Sunday, March 8, 2009

An Early Morning Meditation

Technically, I think I should be giving more attention to my face than to my blog right now. The wookie in me is starting to come out, and even though no one, young or old, keeps their face plucked here, it is just becoming downright embarrassing to me. Still, it is a very crisp beautiful Sunday morning and I thought I would put a few thoughts down before I go conquer my goals for today.
Again we have sun today so my eyes were open at 7:06 this morning. I could have gotten up, but I chose to lie in bed for another hour (it is Sunday after all). Right before eight o'clock, I got up to find the cat had been in the ashes, yet again. He is not looking for a litter box; he just likes to play in the old ashes like children like to play in sandboxes. Of course, he is only eight months old, so this does not surprise me. When I first came, Sam was quite frustrated Caterina was constantly cleaning out the ashes and asked her to please leave them so starting a new fire would not be so difficult. She is coming again this Tuesday, and I am just going to tell her the ashes have to go.
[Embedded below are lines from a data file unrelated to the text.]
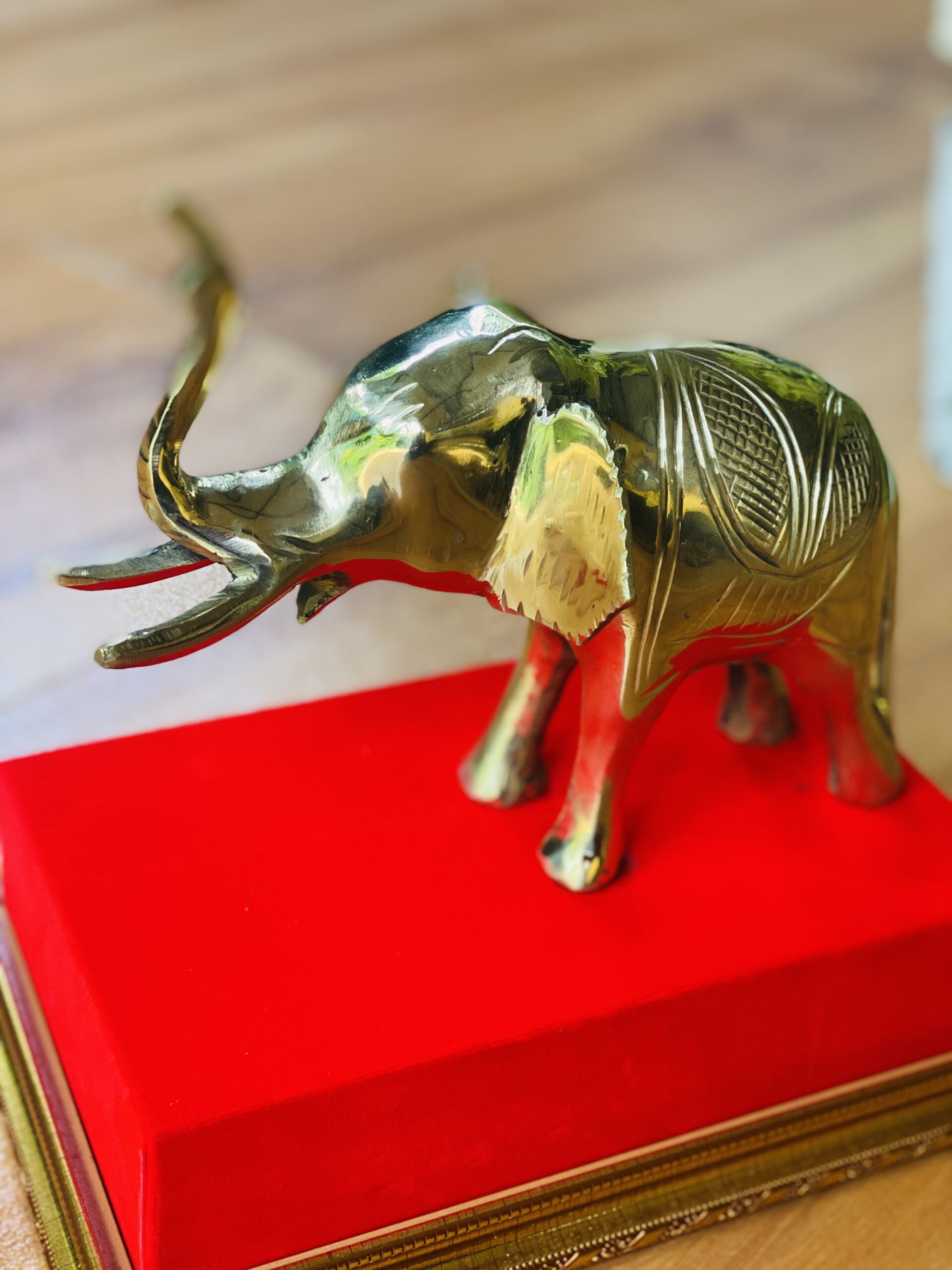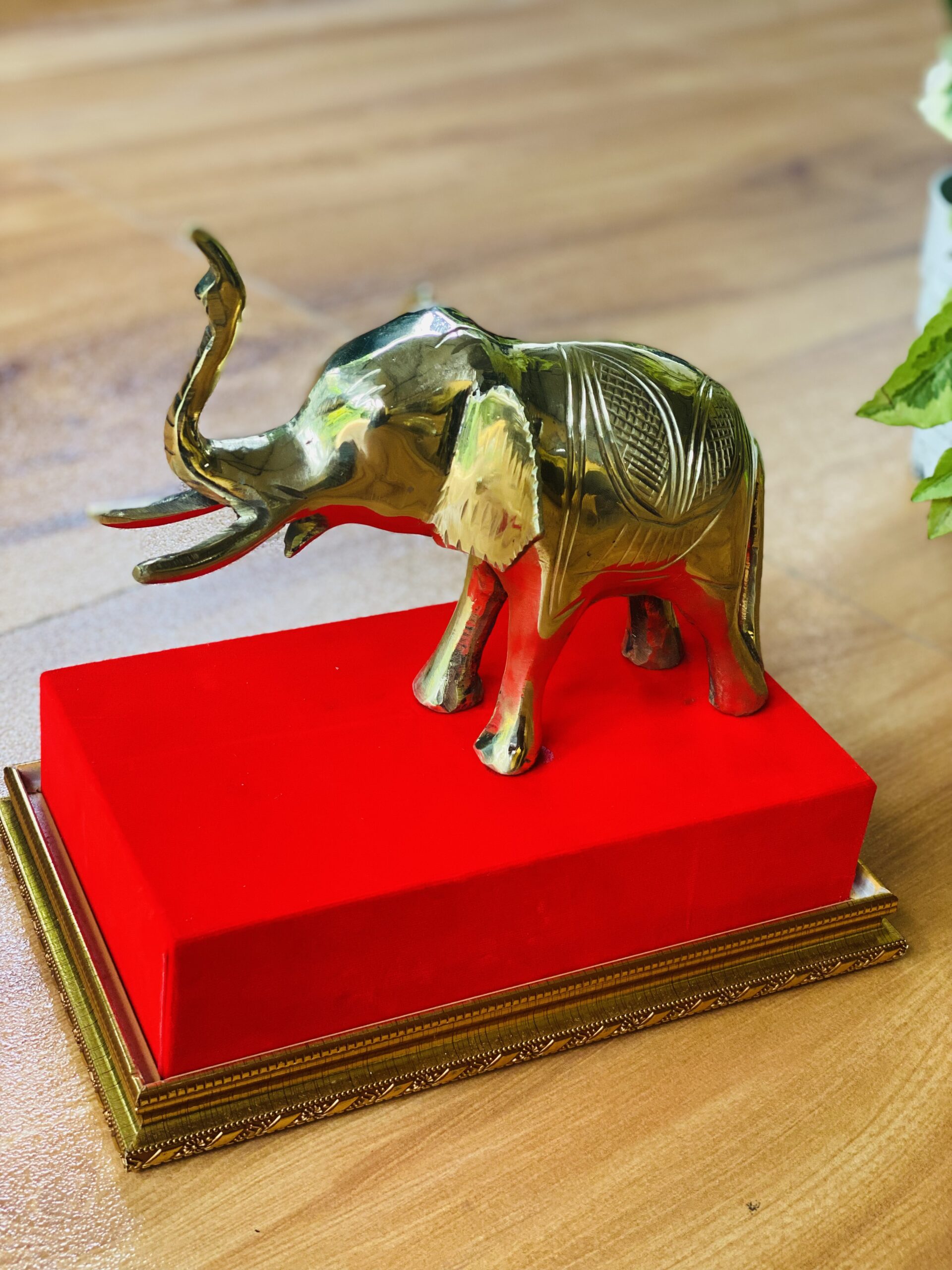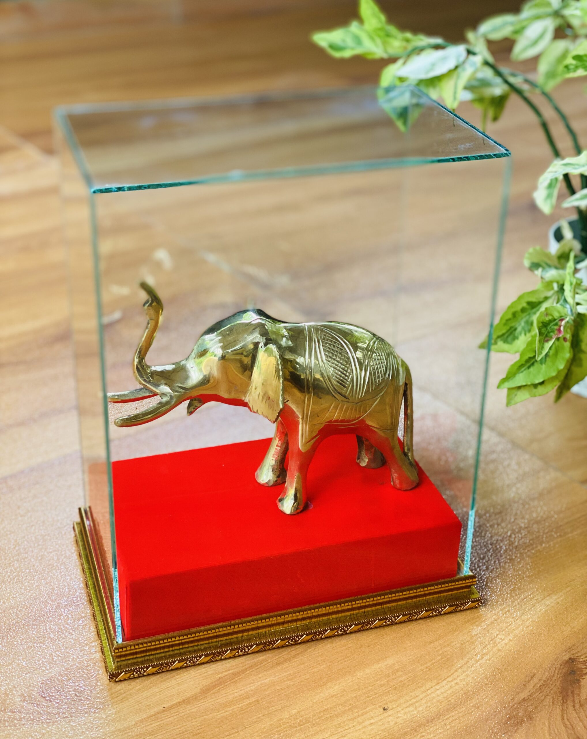 This elegant Brass Elephant Ornament is beautifully presented on a premium glass display box, making it a perfect décor piece or gift for any occasion. The brass elephant symbolises strength, wisdom, and prosperity, making it an ideal choice for homes, offices, or as a gift.
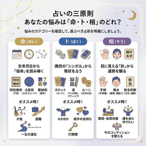 | スリー・ルーン | 3個 | 【状況分析】 | 「過去・現在・未来」や「原因・現状・対策」を多角的に。 |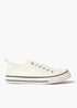 Comfy trainers are an essential for your weekend wardrobe - and this canvas pair is no exception. Styled in white with a sturdy complementary sole and a ribbed toe cap for a great colour contrast, these trainers are finished with a practical lace up front and fashion-forward eyelet adornments. Easy to pair with all your favourite jeans and shorts.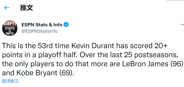 据ESPN统计,这是杜兰特季后赛生涯第53次半场就砍下20+得分,在NBA近25年中,仅次于詹姆斯的96次和科比的69次!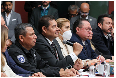 Refrendó su respaldo a la Estrategia Nacional de Seguridad encabezada por la presidenta de México, Claudia Sheinbaum, y el trabajo conjunto con la Secretaría de la Defensa Nacional (DEFENSA), Secretaría de Marina (SEMAR), la Guardia Nacional y el Gabinete de Seguridad. Reafirmó que en México no existe impunidad y se combate a los grupos delictivos, pues la tranquilidad de la población es una prioridad.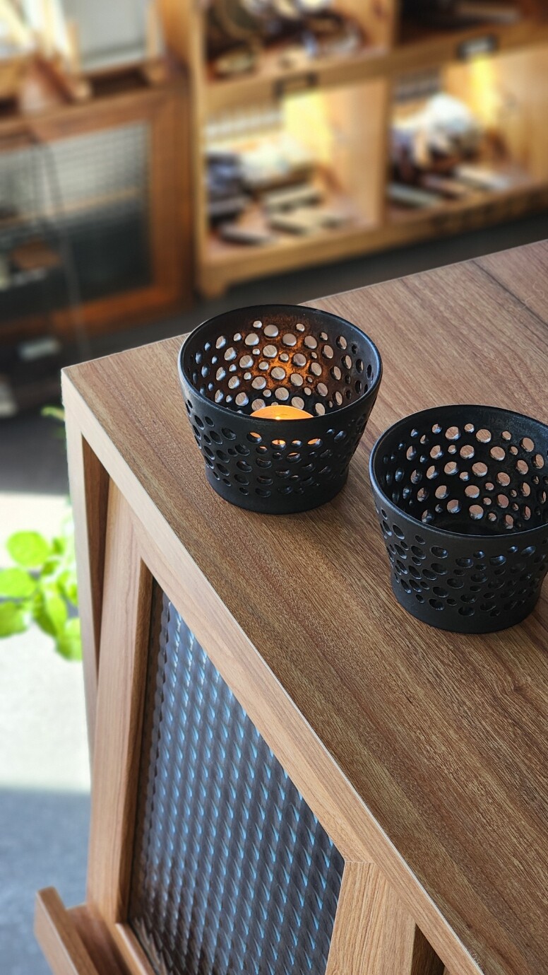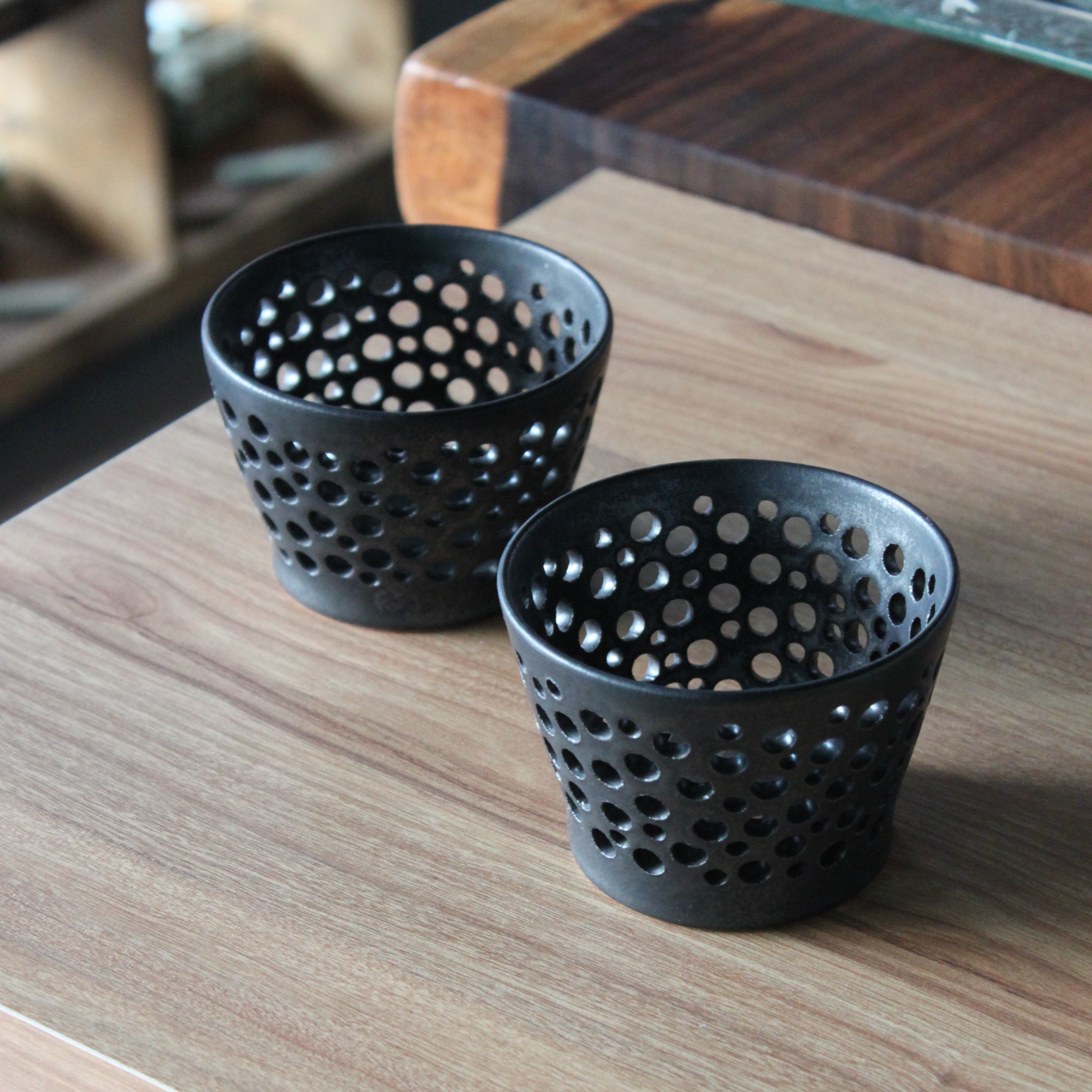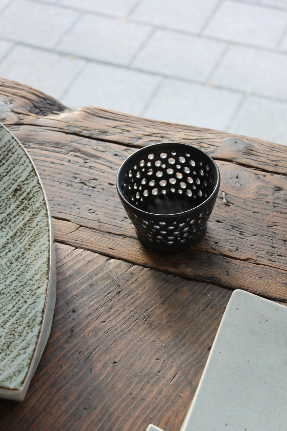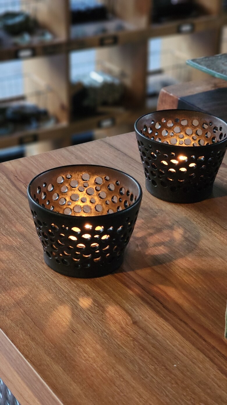 A handcrafted candle holder shaped on the pottery wheel and delicately pierced by hand.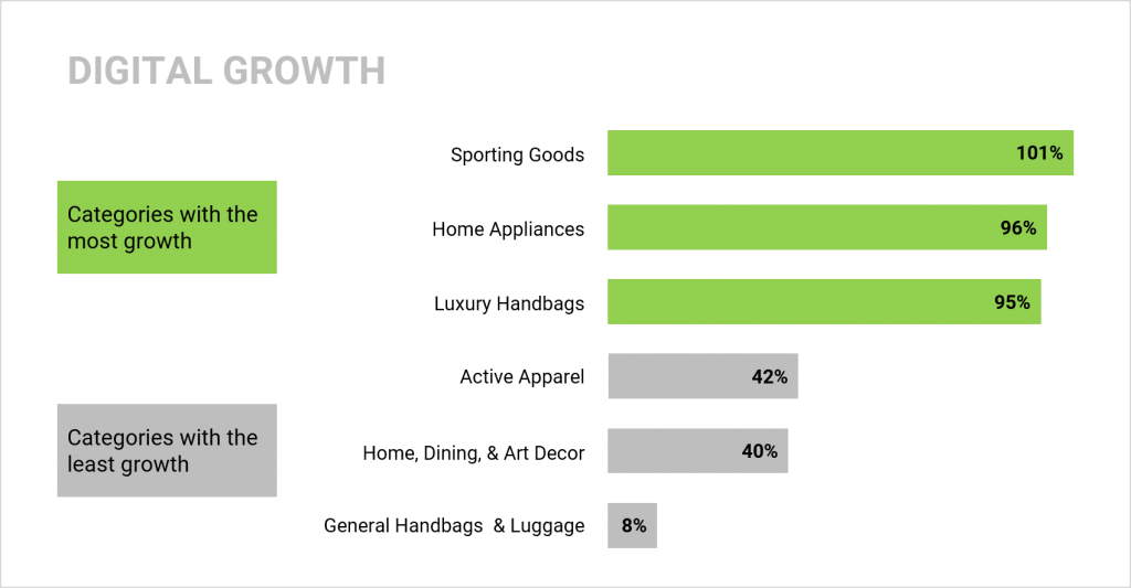 On the other hand, product categories with the lowest YoY digital sales growth for the quarter included active apparel (42%), home, dining, art & decor (40%), and general handbags & luggage (8%).

It is almost every morning now I wake up to little cat footprints scattered all over the apartment and I really think I am going to kill this cat if something cannot be done to solve this problem. The girls, in the very beginning were totally expecting me to clean up every one of the cats messes, and I nipped that in the bud pretty quickly. Hell, these are not even MY cats! I will never forget Emma saying to me "ooo, Casey look as the mess you are going to have to clean up. Leo turned one of Momma's plants over." Oh my Lord, I was so shocked anyone would address me like that. I am the babysitter not the maid, and to be quite honest, when it is just me and the girls they need to know that they have to help out. I have, of course, talked to them about this and said that, like cleaning the litter box and giving them food, picking up after their messes is just part of having an animal. Told them I was willing to help them pick up a mess, but it was not MY job to do it as they are not even my pets.
Leo is the biggest trouble making cat I have ever come upon. He is constantly into things he is not suppose to be into, and constantly all over me whenever it is time to go to bed. I kid you not, last night I turned over on my stomach, turned out the light, and before I knew it, there was this little creature snoring on my back. Mostly, since I try to sleep on my side, he likes to sleep butted up again my stomach in the natural cradle my body makes. The first time I realized he was down there I turned to move onto my other side and all the sudden this face popped up from my stomach and scared me half to death.
This morning I perfected my egg poaching skills. I dropped two eggs into a pan of hot water, made two slices of toast, added the smallest of small pats of butter to the center of each slice, cut some strawberries and poured myself a glass of milk. It was a great breakfast, and since the girls do not wake up until after ten in the morning on the weekends, I had a nice, pleasant breakfast all to myself. The morning is crisp, clear, and beautiful. There is not a hint of fog, or a cloud in the sky. You can see the gleaming white tower of the Sienese Duomo clearly from Pam and Sam's window, and the day is just beautiful. Half of me wants to get on a bus and go into town, it would be a wonderful day to walk the streets of Siena, but I must stay since the girls have to do homework today, and even if they did not, the bus system is sparse on Sundays and super crowded since less buses run. I am planning on going back to the Market in Siena this Wednesday, so hopefully I will make that work. The weather is forecasting clear skies for the next week and a half; keep your fingers crossed for me!

2 comments:

Mom said...

I finally got to read and catch up on your blog entries. I read all of the last three entries to your Dad out loud just before we went to sleep. Even though we talk on the phone daily, it is nice to read your stories and to see that you are feeling so much better. Not many things more glorious than a beautiful clear crisp morning and a peaceful breakfast to start your day. I am so proud of you. It cannot be easy to adjust to a new country, but you are doing it! I love you.

Mom said...

post to your blog! This side of the pond is on pins and needles waiting!